You may only need 3 zones. At 10 ft wide. Check your throw from fixture to the face. Perhaps a s4 -36


----------



## BernsBright (May 13, 2015)

I know that the Altman 65Q is not sexy. Even brand new, they look old. BUT- if budget is the only thing stopping you from hanging more fixtures, look into them as an option. You'll get more control over beam spread and spillage using a Fresnel than a Par can, and they have nice soft edges so they blend nicely. Just my 2 cents, but you've got a change jar full of good advice in this thread!


----------



## rroten (May 13, 2015)

lwinters630 said:


> Thoughts....
> I'm not a fan of the jr. Smaller gobo size. can't change barrels. I'd stay with source 4's and s4 pars. Not 38's. That way you only have one bulb to inventory.

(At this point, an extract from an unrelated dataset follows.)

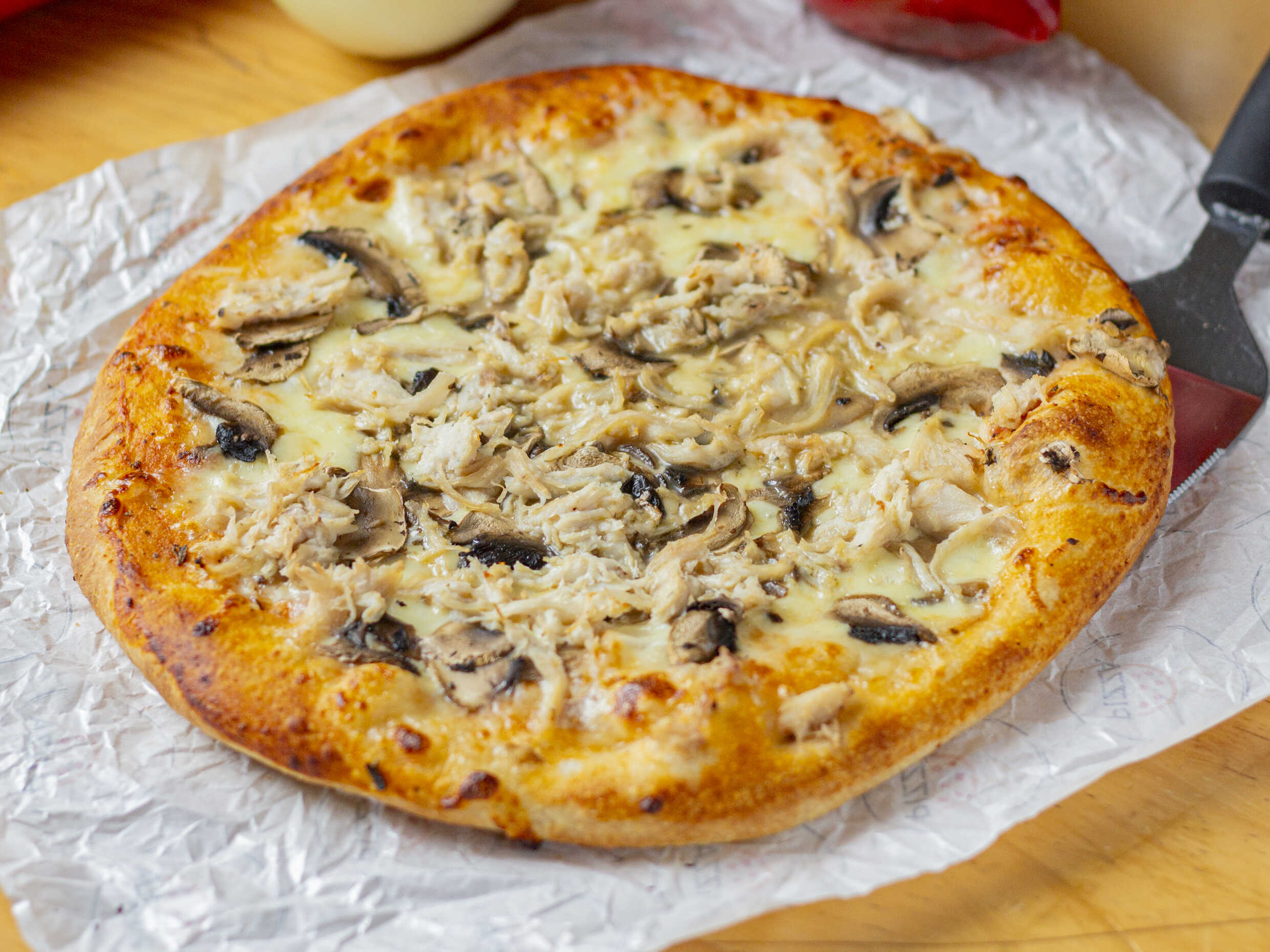 Queso, pollo, champiñón.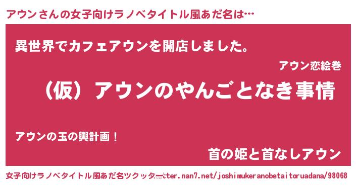 | 男性向けラノベタイトル風あだ名 | 『アウンの憂鬱』『はたらくアウンさま!』 |

Interesting thoughts. I'm not worried about gobos, and I like the price point of the Jr.


lwinters630 said:


> Where are you mounting them?



We will have someone come in and drop some pipe below the grid ceiling, probably following the same angle. Exact positions are still undecided.


lwinters630 said:


> You'll need 7 more 20 amp circuits. If you don't have this power, consider etc color source or desire on network.



We are prepared to run multiple 20 amp circuits. The color source fixtures are nice, but a little over budget. Although I need to check with added cost of dimming, etc. How is the white on these?


lwinters630 said:


> You may only need 3 zones. At 10 ft wide. Check your throw from fixture to the face. Perhaps a s4 -36



I like this idea. I'm estimating that throw distance would be somewhere around 20ft.


----------



## rroten (May 13, 2015)

BernsBright said:


> I know that the Altman 65Q is not sexy. Even brand new, they look old. BUT- if budget is the only thing stopping you from hanging more fixtures, look into them as an option. You'll get more control over beam spread and spillage using a Fresnel than a Par can, and they have nice soft edges so they blend nicely. Just my 2 cents, but you've got a change jar full of good advice in this thread!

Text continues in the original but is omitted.